Note how the lines overlap the text of the labels and obscure it (is that "Horret 4 Drive" or "Hornet 4 Drive"?)

Jiggling the points about a bit post facto you can make a far nicer fit – I have simply shifted some of the labels a tiny bit to get them off the line. Magically fixed

Is it possible to get ggrepel to do this automatically? I know the example given isn't totally stable (other seeds give acceptable results) but for complex plots with a large number of points it definitely is a problem.

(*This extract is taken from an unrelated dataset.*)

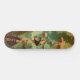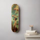 Surreal fantasy wall art skateboard. A girl with short blue hair and bangs, wearing a white cap on her head is standing in the sea surrounded by floating islands. She has many black bandages around one of her arms and wears a skirt that covers part or all of it. The background features a surreal landscape with houses made from mushrooms and clouds hanging over the water.
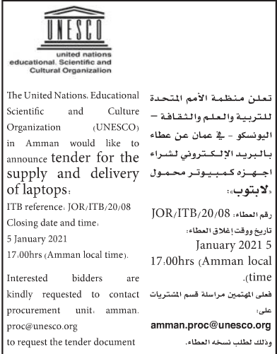 مطلوب شراء اجهزة كمبيوتر محمول لمنظمة الامم المتحدة للتربية والعلم والثقافة

Edit: If you're curious, a far less "minimum" working example would be the below (taken from bioconductor):

download.file("https://raw.githubusercontent.com/biocorecrg/CRG_RIntroduction/master/de_df_for_volcano.rds", "de_df_for_volcano.rds", method="curl")
tmp <- readRDS("de_df_for_volcano.rds")
de <- tmp[complete.cases(tmp), ]
de$diffexpressed <- "NO"
# if log2Foldchange > 0.6 and pvalue < 0.05, set as "UP" 
de$diffexpressed[de$log2FoldChange > 0.6 & de$pvalue < 0.05] <- "UP"
# if log2Foldchange < -0.6 and pvalue < 0.05, set as "DOWN"
de$diffexpressed[de$log2FoldChange < -0.6 & de$pvalue < 0.05] <- "DOWN"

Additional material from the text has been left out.